Not all strategies work all the time. It may be that any strategy or technique runs into a bad streak. It can happen that an investor is unaware of this inevitable situation and simply stops trading. There is a balance as to when you discover a strategy is a bad strategy and to be abandoned, or it is a good strategy and isn't working at the time.

Failure to Predict

It is generally understood at a technical analysis indicator may predict a price rise and that rise may fail to occur. This is a failure of prediction. What is less understood that there may be a price rise that the indicator failed to predict. This is a failure to predict.

Paralysis

You can spend way too much time looking for trends, trend retracements, changes in values, changes in relationships between values, et cetera, et cetera, ad nauseum but you really only have from close of market to the next market opening to make a decision. Adding to this is the reality that there will always be another resistance level to overcome or from which to retreat. Or, another support level to stop a downward slide or break through it on a downward trend.

Risk Delay

It may be that by the time a series of particular events has produced the detected price pattern the risks taken to produce those events have already been rewarded by a price rise. If true, then an investment after the pattern is established may not be rewarded by a similar price rise.

Subjective Bias

To a carpenter all tools look like hammers. To a surgeon all problems can be solved by surgery. No insult to either profession. Our opinions are all shaped by our education and experience. If you are a market bull you'll see a pattern indicative of a market rise. Conversely if you are bearish the same pattern may have a negative implication. Looking at the same chart different people can honestly see differing implications for market direction and risk.

So what can be done?

Overcome disillusionment by paper trading until you develop the confidence to overcome a streak of poor performance. Paper trade through a good time and bad time. Don't risk real money on untested strategies.

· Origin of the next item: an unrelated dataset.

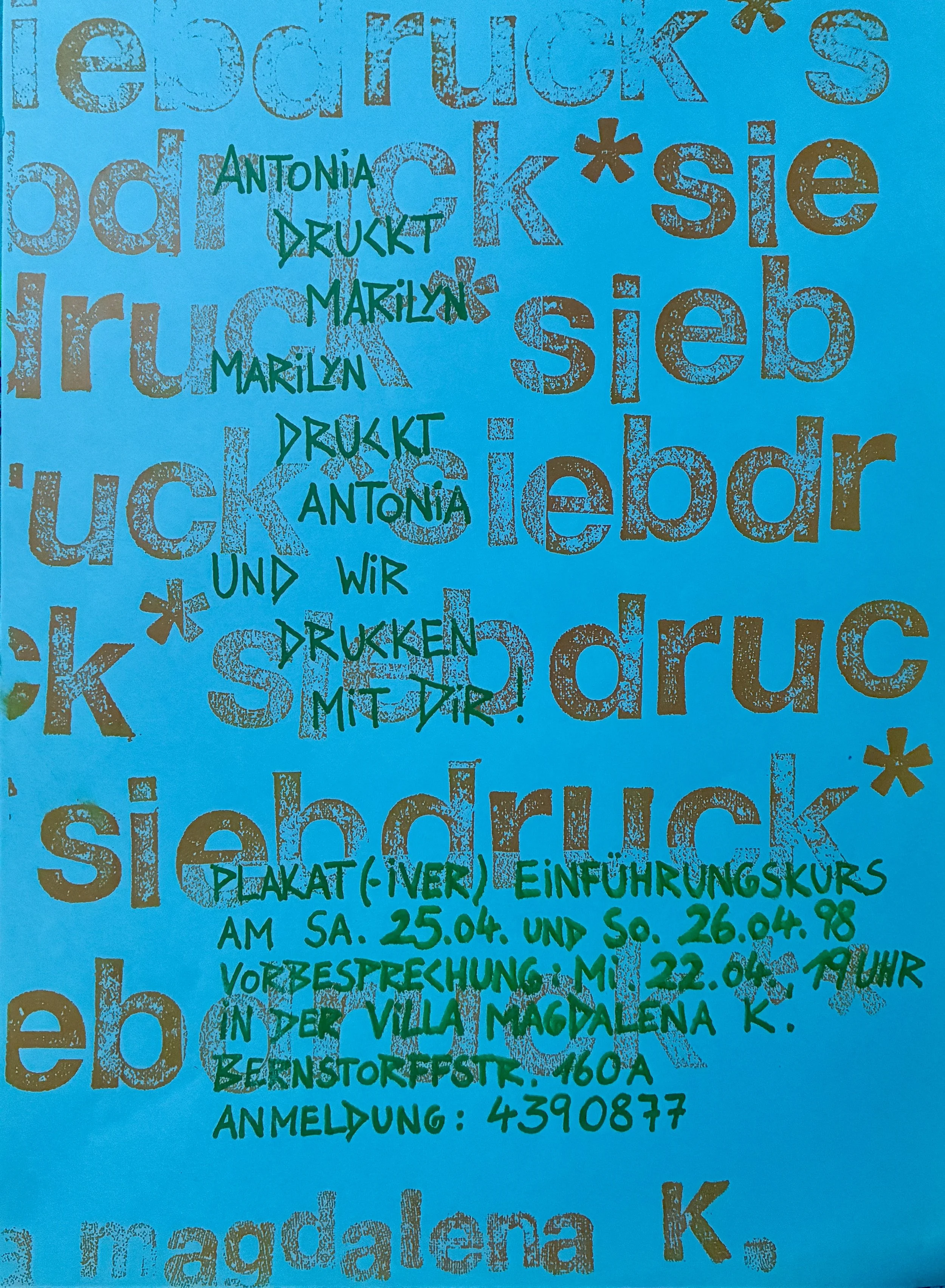 Die Figur Magdalena K. – ursprünglich Magdalena Keller – tauchte erstmals 1988 anlässlich der Volkszählung auf. Vier Frauen taten sich zusammen und trugen Schnipsel des Lebens von Magdalena Keller zusammen. Ist sie zunächst noch eine Fiktion, ein Spiel, wird Magdalena K. später zur Leitfigur und Hausbesetzerin.

Reduce negative impact of failures to predict by using multiple indicators in the generation of selections. Remember that the market is not reality, it is the reflection of the perception of reality. The events of the cosmos continue to unfold outside of market hours. The analysis of price movement and volume cannot truly anticipate the unknown.

Overcome paralysis by making a checklist of what you consider to be due diligence in the examination of every single investment. Make sure that list can be completed within the time allowed.

Consider risk-delay penalties in the overall context of your risk tolerance. Yes, the majority of risk may have already been rewarded. Does that mean there is no reward remaining? Maybe, maybe NOT! Don't guess. Set your parameters, do your diligence, paper trade your strategy and see for yourself.

To resist subjective bias be a honest with yourself. Seek opposing viewpoints that are well supported. Become educated to see more sides that your own.

Summary

Technical analysis isn't perfect, but its imperfections can be reduced so that as a tool it has much more strength than weakness.